If you're an ADK enthusiast with a penchant for Albany history, visiting Great Camp Santanoni (GCS) is an absolute must!
Santanoni is one of the last remaining Adirondack "Great Camps." What's a Great Camp, you ask? The name refers to a rugged architectural style generally associated with the Great Camps within the Adirondack Mountains in New York; the builders of these camps used native building materials and sited their buildings within an irregular wooded landscape. Think: rustic log cabin on steroids. Some even had all the comforts of home, and then some, like a movie theater and a bowling alley.
Furthermore, making GCS even more badass is its designation of being a National Historic Landmark; so not only does it have ties to the Capital Region, but it's grandeur and historic significance is also recognized by 'Murica. Preach.

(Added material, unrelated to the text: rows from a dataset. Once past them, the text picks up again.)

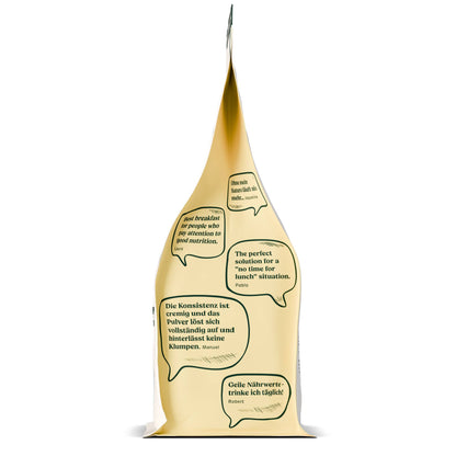 21 g Protein, komplexe Kohlenhydrate, alle 26 essentielle Vitamine & Mineralien und sättigt bis zu 5 Stunden. Natürlich vegan.
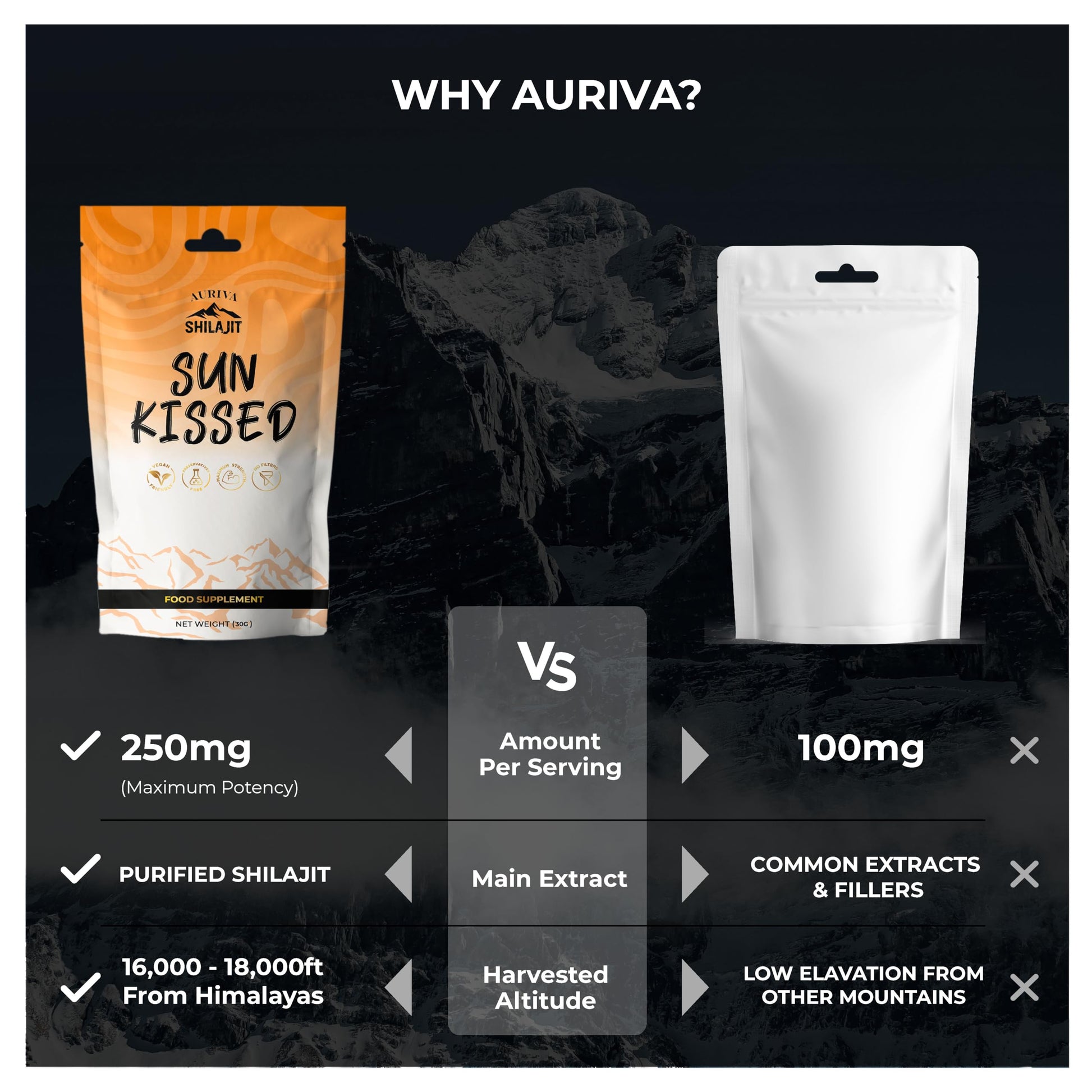 Shilajit is an incredibly rare and ancient substance formed from rocks found deep in the Himalayan Mountains which contains an impressive 85 minerals in ionic form. Our bodies need minerals as essential building blocks for our cells to function properly. Deficiencies in these elements may lead to many chronic diseases and weaken our cells and body functions. An active ingredient in Shilajit, Fulvic Acid, is used by our bodies to break these essential minerals down and reap their benefits in full. Unlike many other mineral supplements, Shilajit is 100% naturally harvested and preserves it's molecular structure even after it is extracted. During many million years of Shilajit formation deep in Himalayan rocks, the Fulvic Acid evolved complex molecular bonds with minerals and metals that cannot be replicated in a lab. The organic matter transforms into a mineral-rich resin which is buried deep in the mountains and drips very slowly, before turning into a black tar looking rock. This rock hardens and preserves its pure vitamin, mineral and enzyme content. In our efforts to source this life-changing supplement, we remove any the middle-men along the way. This means we work directly with Shilajit harvesters and use their expertise in acquiring and harvesting the best quality Silajeet resin to bring the purest product to market.More Info
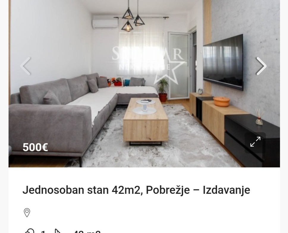 Jednosoban stan 42m2, Pobrežje – Izdavanje
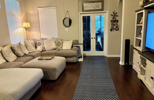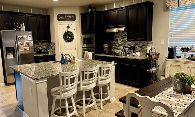 Escape to this adorable house in picturesque Fair Oaks Ranch. With 3 bedrooms, including 1 king bed and 2 queen beds, our place is perfect for a family or group of friends. You'll find all the comforts of home, from AC to WiFi, a hair dryer to an iron, and even a washing machine. Resort like backyard with pool. The 2 bathrooms are equipped with a hair dryer as well. Our place will help you feel at home while you're traveling in Fair Oaks Ranch. So pack your bags and get ready for an awesome getaway!

Now, for the Capital Region-connection: Santanoni Preserve was established by Robert C. Pruyn, a prominent Albany, NY, banker and businessman. Acquiring about 13,000 acres in the Town of Newcomb, just south of the Adirondack High Peaks, Pruyn employed the distinguished architect Robert H. Robertson to design a summer residential complex. Yeah, that's right, I said complex -- some of us are lucky to have a tiny patch of land to pitch a tent on a crowded lake in upstate New York, but Albany's Pruyn family had a residential complex (at one time, complete with 27 structures!)
By the late 1880s, the Pruyns had amassed enough wealth to begin planning a country estate like families of similar social status, but rather than choosing a resort area like Newport, Rhode Island, or New York's Hudson Valley, they chose Newcomb, New York, described in one publication as "the heart of the wilderness."

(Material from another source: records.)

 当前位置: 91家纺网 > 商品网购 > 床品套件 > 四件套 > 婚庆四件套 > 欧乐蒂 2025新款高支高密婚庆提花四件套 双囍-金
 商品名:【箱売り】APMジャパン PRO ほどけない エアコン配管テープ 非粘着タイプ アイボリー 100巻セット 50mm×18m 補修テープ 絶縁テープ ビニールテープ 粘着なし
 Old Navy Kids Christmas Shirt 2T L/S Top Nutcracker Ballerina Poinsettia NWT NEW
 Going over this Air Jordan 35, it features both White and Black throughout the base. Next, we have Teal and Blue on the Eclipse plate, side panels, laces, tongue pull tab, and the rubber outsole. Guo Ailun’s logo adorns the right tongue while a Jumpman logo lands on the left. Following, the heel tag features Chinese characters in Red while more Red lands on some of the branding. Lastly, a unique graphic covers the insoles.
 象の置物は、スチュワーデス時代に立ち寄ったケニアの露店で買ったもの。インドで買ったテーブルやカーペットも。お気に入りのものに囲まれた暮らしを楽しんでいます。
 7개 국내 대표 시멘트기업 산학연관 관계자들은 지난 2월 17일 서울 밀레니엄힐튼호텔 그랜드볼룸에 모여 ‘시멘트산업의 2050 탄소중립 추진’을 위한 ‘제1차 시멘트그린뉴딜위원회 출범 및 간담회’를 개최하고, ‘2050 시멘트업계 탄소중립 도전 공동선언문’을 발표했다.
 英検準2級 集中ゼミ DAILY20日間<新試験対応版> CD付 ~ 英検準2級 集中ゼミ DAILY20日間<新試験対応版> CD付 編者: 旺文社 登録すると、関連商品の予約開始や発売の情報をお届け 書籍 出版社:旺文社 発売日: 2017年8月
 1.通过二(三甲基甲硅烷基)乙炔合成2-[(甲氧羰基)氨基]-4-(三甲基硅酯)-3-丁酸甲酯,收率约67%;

Camp Santanoni has three main groupings of buildings: The Gate Lodge Complex, the Farm Complex, and the Main Camp; to witness its true glory and splendor, one must persevere and make the 5 mile trek from the Gate Lodge to the Main Lodge and hit all three.

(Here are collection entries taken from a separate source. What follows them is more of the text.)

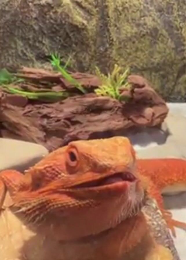 An orange-colored bearded dragon is visible from the chest up
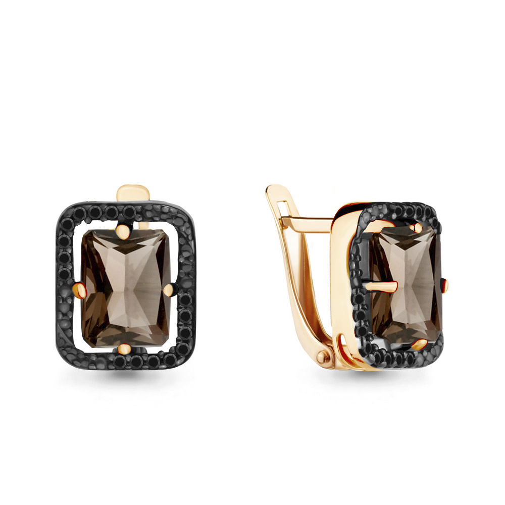 4475201Ч Серьги из Серебра с кварцами дымчатыми, нанокристаллами из коллекции "Gothic"
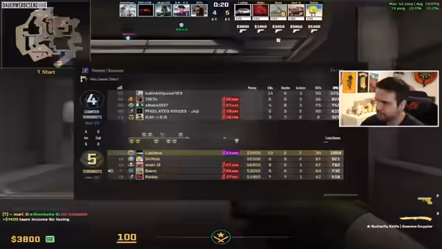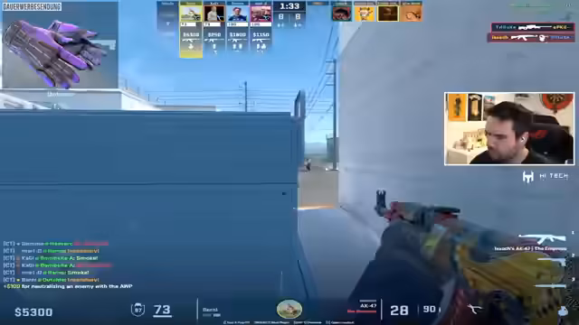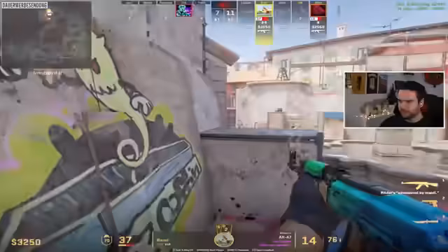 07:15:27Die Performance des Streamers und seiner Mitspiere ist sehr unterschiedlich. Der Streamer ist verärgert über eine Spielsituation, in der er 'mich aus der Verückung ficken lässt'. Er ist sich nicht sicher, warum ein Mitspieler schneller agieren kann, mutmaßt aber, dass dieser einen besseren Spawn-Punkt hat. Das Gefühl, 'gegen gute Leute' zu spielen, das ein 3k-Elo-Spieler in der Runde war, verstärkt den Frust und das Gefühl, benachteiligt zu sein.
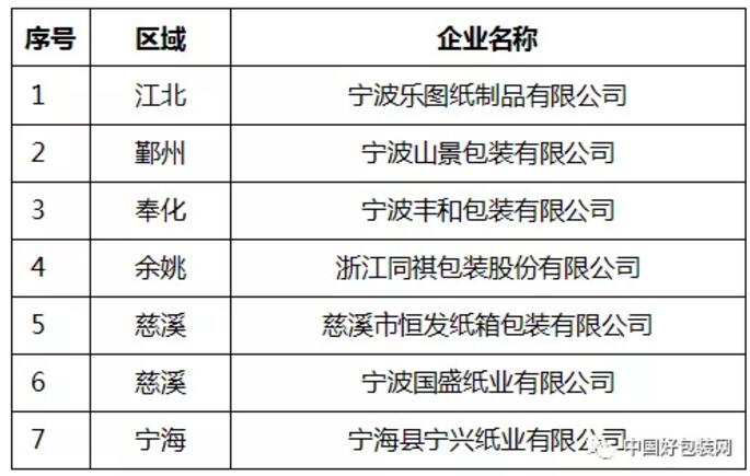 近日,寧波市經(jīng)濟(jì)和信息化局公示了寧波市節(jié)水型企業(yè)(第六批),其中,有7家包裝企業(yè)上榜。

I've made two attempts to hit the trifecta, with ultimately one success, and both were during winter 2019. I basically trudged uphill -- both ways -- in a pair of snowshoes to get a glimpse of this beauty. The first attempt was snuffed out by fading daylight (we got a late start), and the second attempt was the luckiest, as we made on St. Paddy's Day.
GCS is open to the public year-round, 365 days/year, 24 hours/day, and is accessible (depending on the season) on foot, by bicycle, on cross-country skis or snowshoes, and via a horse-drawn wagon (by reservation). (Okayyy!) From the Gatehouse, it is approx 5 miles to the Main Camp on gently rolling terrain, making for a 10-mile round trip
Although the Santanoni Preserve is open all year round, many of the buildings are only open during the summer months; however, the camp is staffed and the buildings are open on their designated Winter Weekends (MLK and Presidents' Weekends, and again right around St. Patrick's Day), but it's also a beautiful spot for a self-guided tour any day.
The highlight of the Winter Weekends? A roaring fire and hot cocoa in the Artist's Studio. This is when I made my treks, and it was extra special being able to tour the Main Camp with a guide, and warm up with some hot cocoa and chat with fellow hikers.
Not feeling the 10-mile round trip hike? Take an easy 1-mile snowshoe or ski to the Farm for a winter picnic.
Honestly, I can't wait to visit Great Camp Santanoni in the summer and fall, and even take an official tour, but there was something so magical about my winter visit that I recommend everyone who has the equipment and stamina plan a winter adventure!
We are so lucky to have these morsels of American architectural history essentially in our backyard, and kudos to the AARCH (non-profit Adirondack Architectural Heritage) for their dedicated preservation work! Thanks to them, this camp, which is owned by the state of New York, and by association, its citizens, is accessible to all those curious enough to wander.